**Task prompt:** From the line with "Filters have been" through the line with "Антисептик-грунт для OSB-плит", inclusive, return each line of the data below exactly and leave the rest out.

**Provided data:**
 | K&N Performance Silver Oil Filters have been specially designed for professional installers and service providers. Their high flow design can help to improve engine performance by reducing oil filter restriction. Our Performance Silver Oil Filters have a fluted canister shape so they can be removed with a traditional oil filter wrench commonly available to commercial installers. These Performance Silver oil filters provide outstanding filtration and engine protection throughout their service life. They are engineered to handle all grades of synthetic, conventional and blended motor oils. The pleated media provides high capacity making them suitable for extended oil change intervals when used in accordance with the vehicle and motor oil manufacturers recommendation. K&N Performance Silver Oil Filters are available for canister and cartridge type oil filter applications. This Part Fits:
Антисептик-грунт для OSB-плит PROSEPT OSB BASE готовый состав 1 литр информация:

...

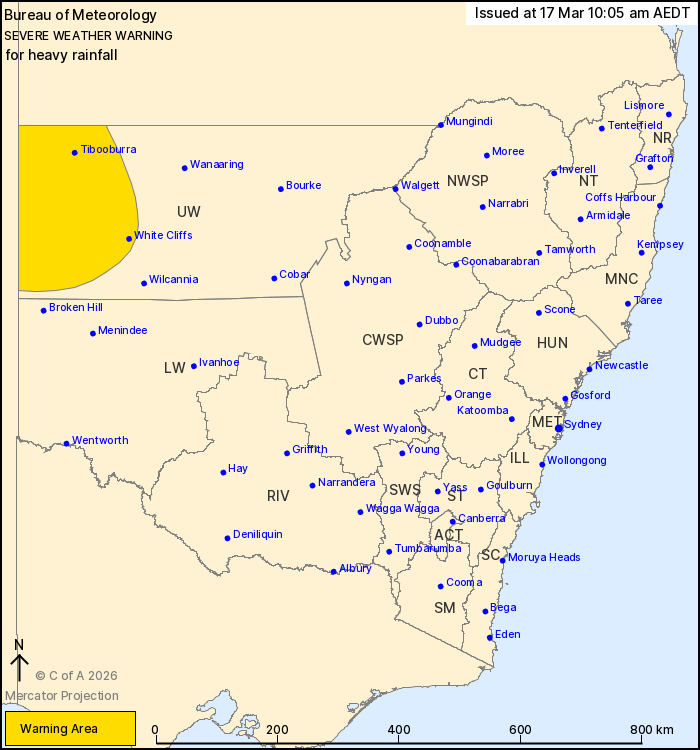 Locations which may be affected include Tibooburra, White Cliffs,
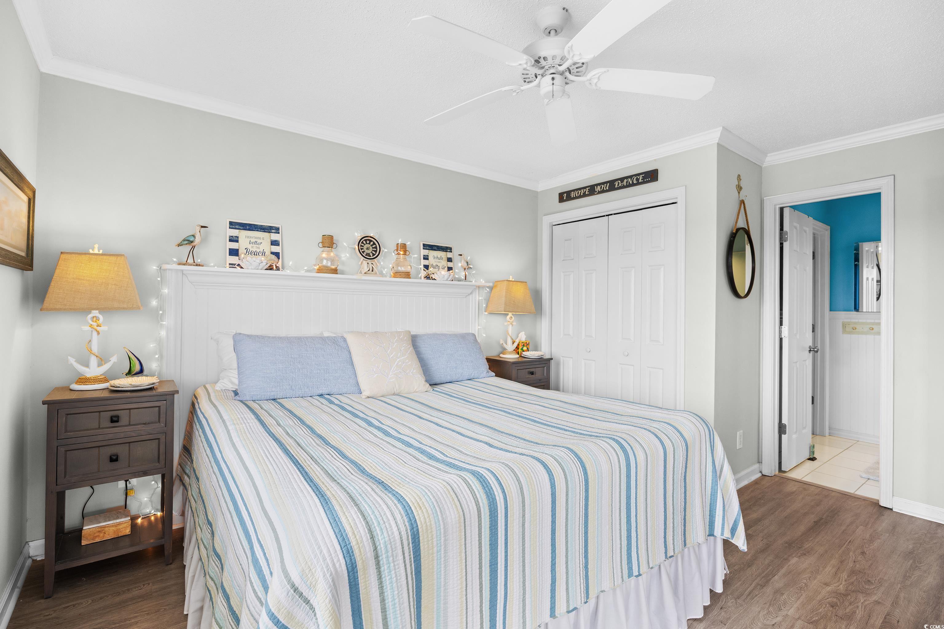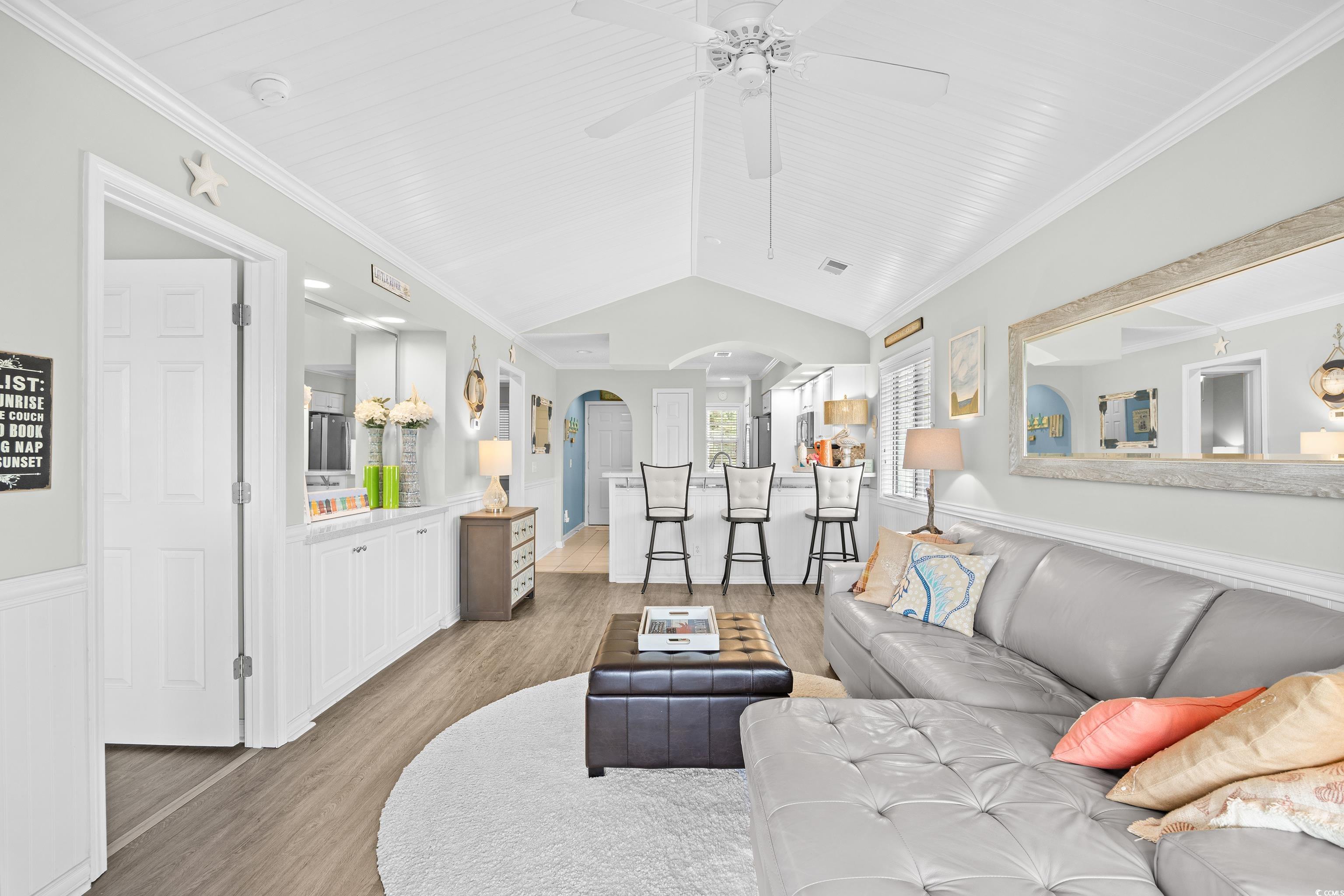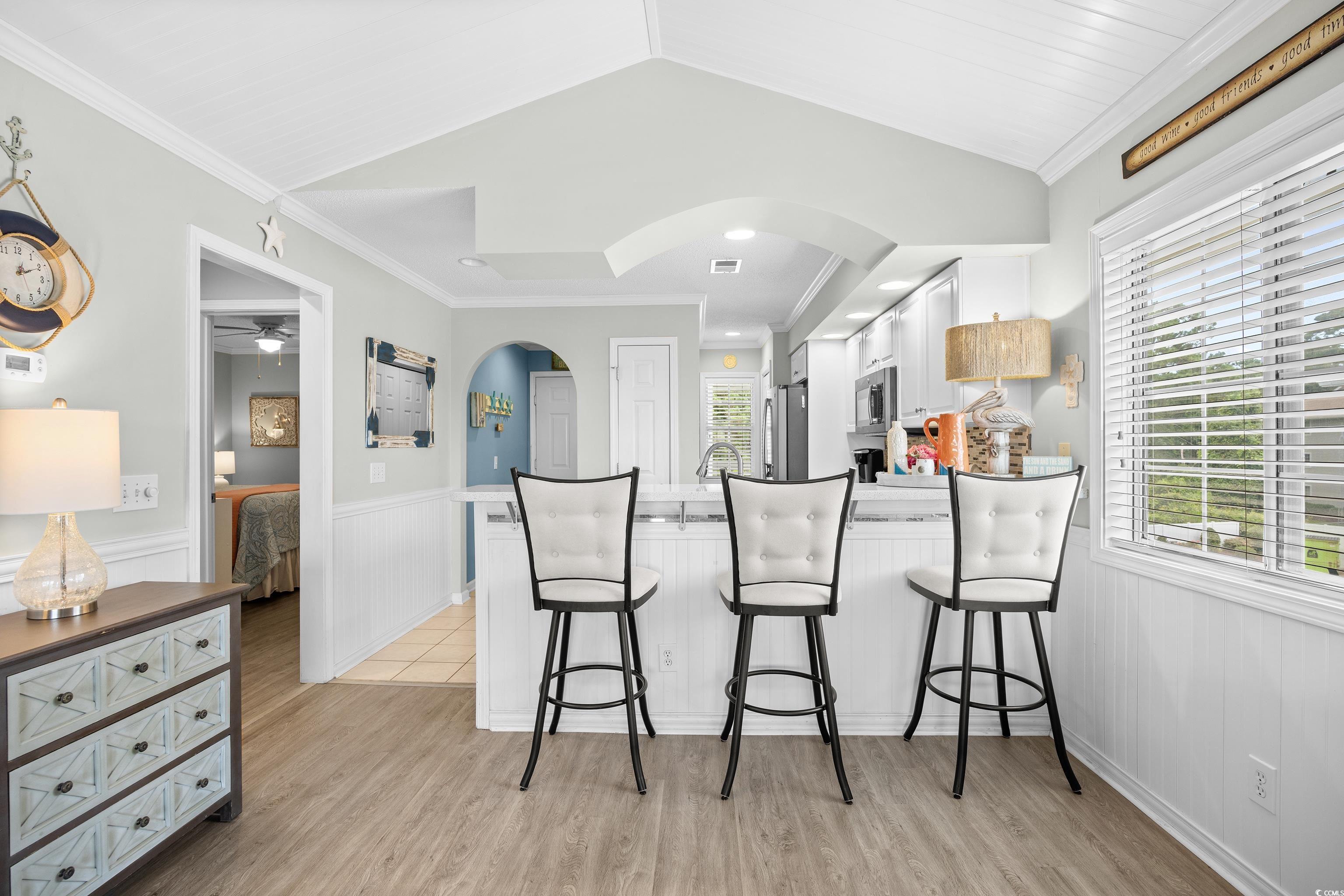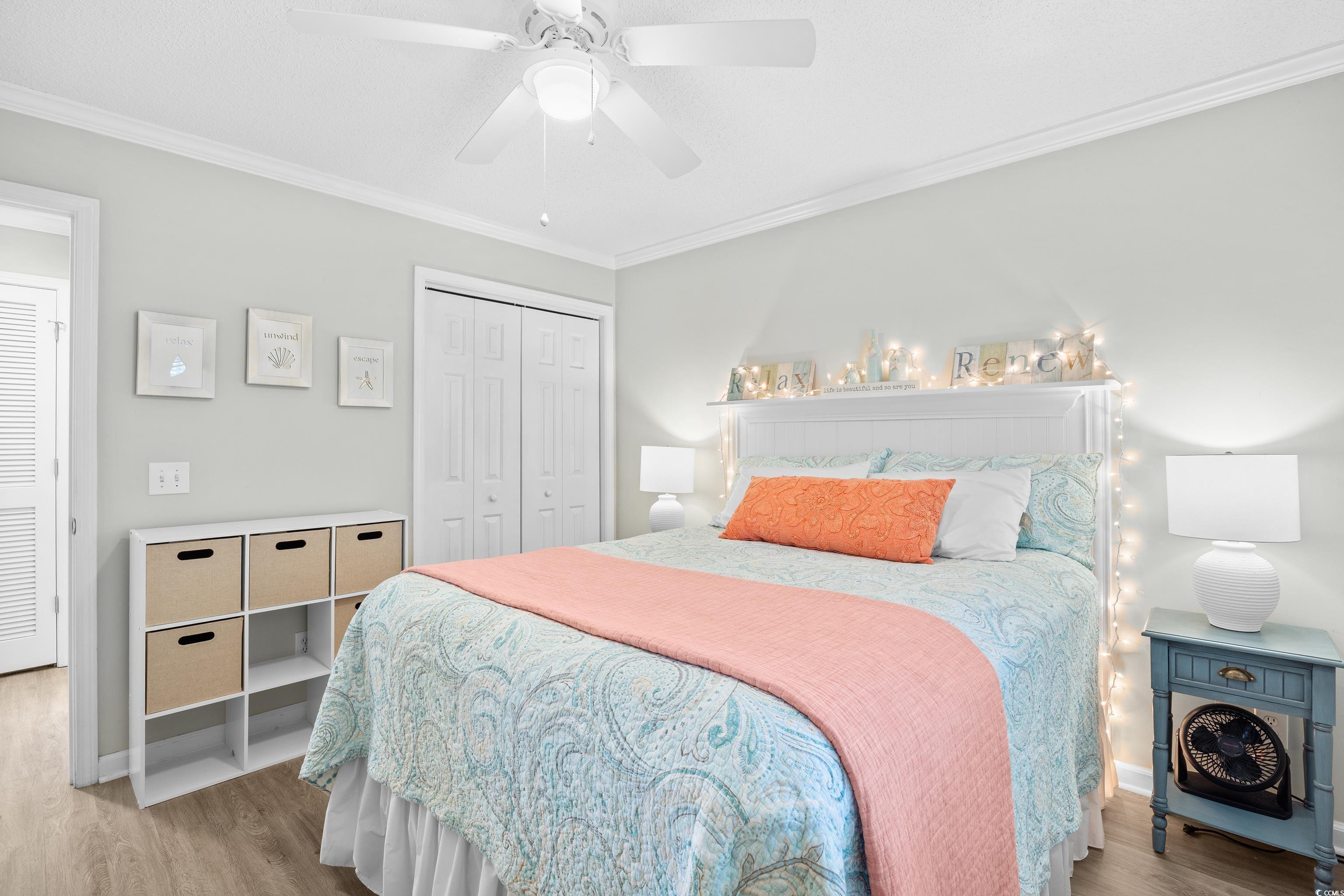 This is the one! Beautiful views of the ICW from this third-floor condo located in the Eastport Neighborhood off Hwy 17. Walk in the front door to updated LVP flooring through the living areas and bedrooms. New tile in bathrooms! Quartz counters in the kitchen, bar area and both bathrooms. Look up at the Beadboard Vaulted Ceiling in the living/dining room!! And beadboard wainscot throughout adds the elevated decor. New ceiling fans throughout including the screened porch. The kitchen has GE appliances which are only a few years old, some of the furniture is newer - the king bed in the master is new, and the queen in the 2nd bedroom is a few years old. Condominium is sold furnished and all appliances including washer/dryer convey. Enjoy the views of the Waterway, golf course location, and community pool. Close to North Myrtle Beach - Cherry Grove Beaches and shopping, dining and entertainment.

**Result of this exercise:**
 | K&N Performance Silver Oil Filters have been specially designed for professional installers and service providers. Their high flow design can help to improve engine performance by reducing oil filter restriction. Our Performance Silver Oil Filters have a fluted canister shape so they can be removed with a traditional oil filter wrench commonly available to commercial installers. These Performance Silver oil filters provide outstanding filtration and engine protection throughout their service life. They are engineered to handle all grades of synthetic, conventional and blended motor oils. The pleated media provides high capacity making them suitable for extended oil change intervals when used in accordance with the vehicle and motor oil manufacturers recommendation. K&N Performance Silver Oil Filters are available for canister and cartridge type oil filter applications. This Part Fits:
Антисептик-грунт для OSB-плит PROSEPT OSB BASE готовый состав 1 литр информация:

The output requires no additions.